I am in need of a "pick me up".

3 years in R and feel like we are stalled. Maybe there is someone better for me out there....?

Those of you who made it through D and are happily on to a solid new marriage or relationship, what's your story?

Thanks.


----------



## still so sad (May 27, 2013)

145 views and not one reply!

Sad that there are no success stories to read today....

Maybe what I have now is just as good as its ever gonna get.


----------



## thatbpguy (Dec 24, 2012)

First, if are still married stop focusing on your next love and focus in R.

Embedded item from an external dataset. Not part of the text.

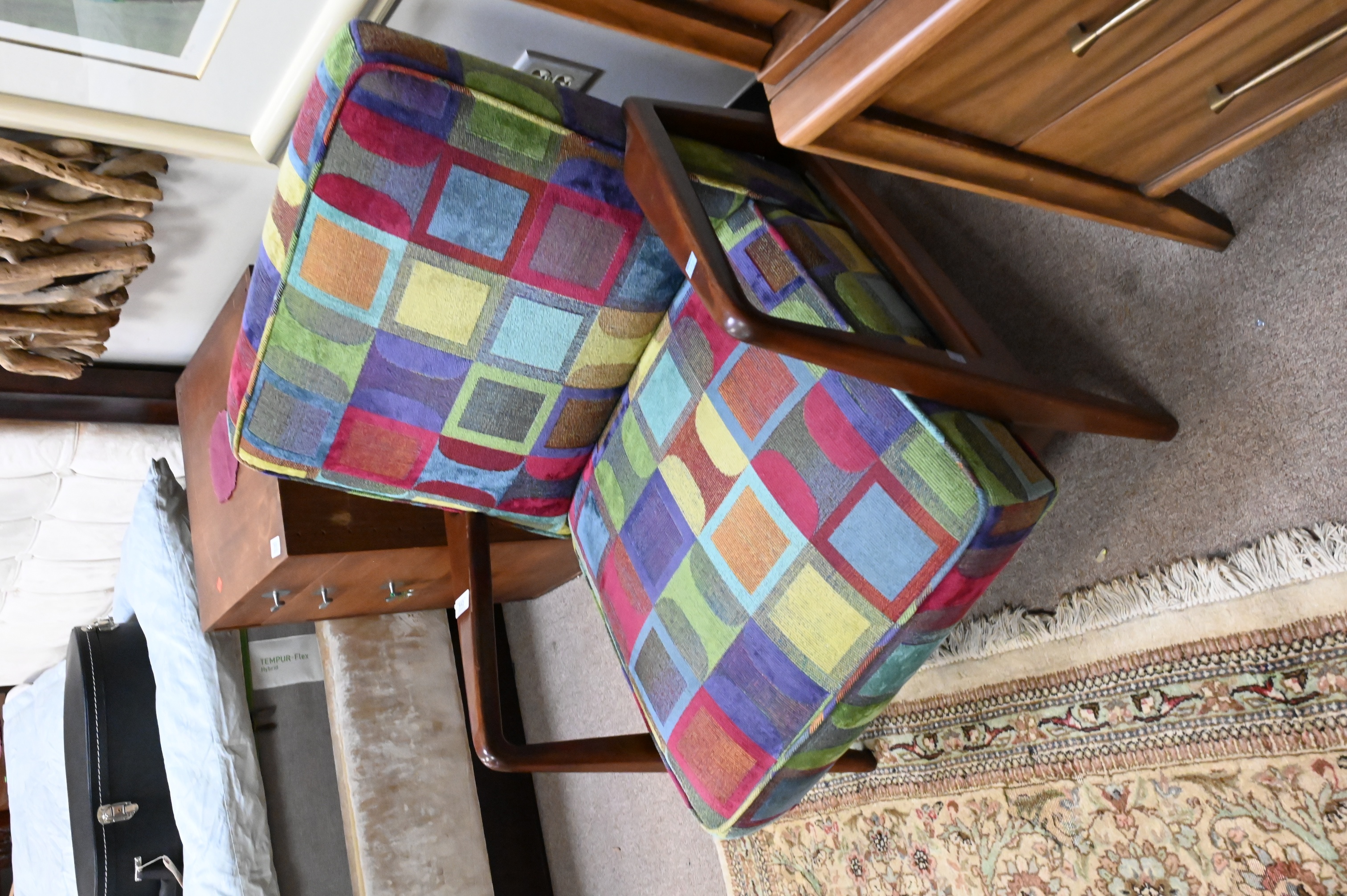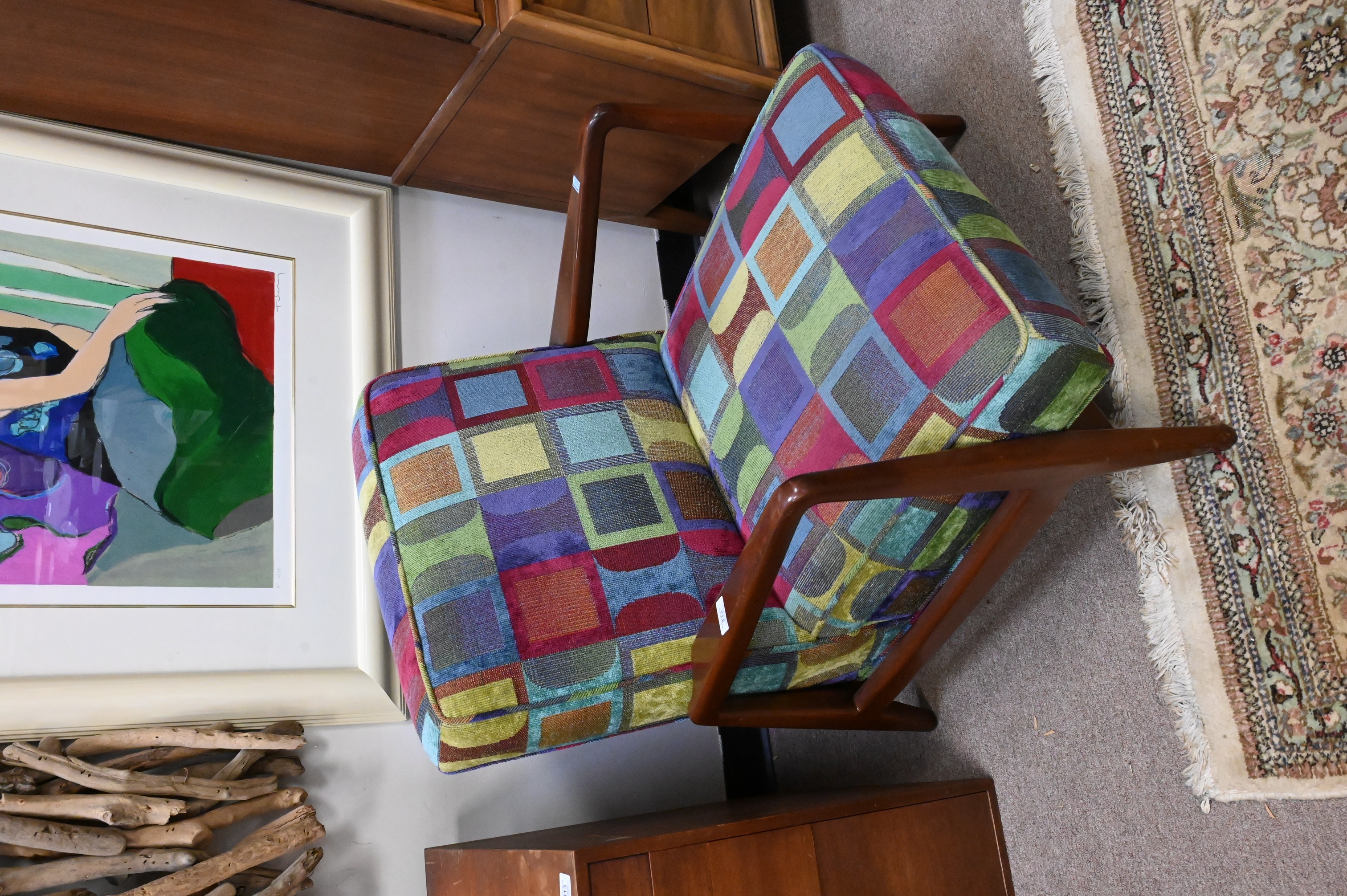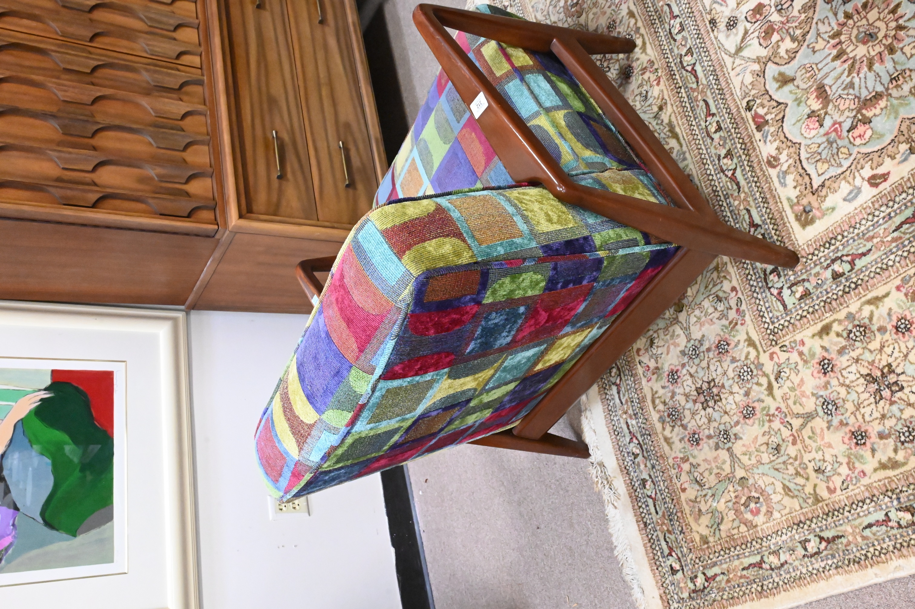 having custom geometric upholstery, unsigned

Now, as for me I am remarried but my betraying ex was the true love of my life. I can never love again as I had before so now I am in a friendship marriage- just two close friends who didn't want to remain lonely. I live with a strongly diminished ability to trust and sometimes mild paranoia. 

Hope this helps.


----------



## cj9947 (Jul 9, 2011)

My "Next" relationship has been awesome...I finally met "Myself". Low and behold I was right in front of myself all the time. My life has been a joy since I made myself my #1 priority in life. To date, I have not had one desire to be in another relationship. I am complete. Best wishes to you.


----------



## Coffee Amore (Dec 15, 2011)

still so sad said:


> I am in need of a "pick me up".
> 
> 3 years in R and feel like we are stalled. Maybe there is someone better for me out there....?
> 
> ...


My good friend divorced her husband for more than 20 years after his second affair. The second affair was a LTA that had gone for years. They have two teenagers who seem to have adjusted pretty well to the divorce. She bounced back from the divorce pretty well, but she has a very large group of supportive friends and family.

Since the divorce, he moved to another state, but keeps trying to get her back even going so far as to say he'd take her back. She's the BW but he seems to think he's doing her some great favor by offering to reconcile and remarry. She's not interested at all. She's happy in an exclusive relationship with an amazing person she met through friends. This other person is kind, caring, affectionate and monogamous. All the things her ex wasn't. Her new significant other lives in another part of the country, but they visit each other frequently. I really hope they can live in one state together, but right now their jobs keep them from doing that. Recently, she posted some photos of them on Facebook, so since it's Facebook official, it must be real.


----------



## Married but Happy (Aug 13, 2013)

My ex may have cheated on me, but I had already decided to divorce her for other reasons so just went ahead with that. No need for R - and we'd already been through all the useless MC I could tolerate.

I met the love of my life online not long after I moved out, but had dated others too. She truly is better than my ex in every way that matters to me.


----------



## staystrong (Sep 15, 2012)

cj9947 said:


> My "Next" relationship has been awesome...I finally met "Myself". Low and behold I was right in front of myself all the time. My life has been a joy since I made myself my #1 priority in life. To date, I have not had one desire to be in another relationship. I am complete. Best wishes to you.



I wonder how many WS's say that. Scary thought.


----------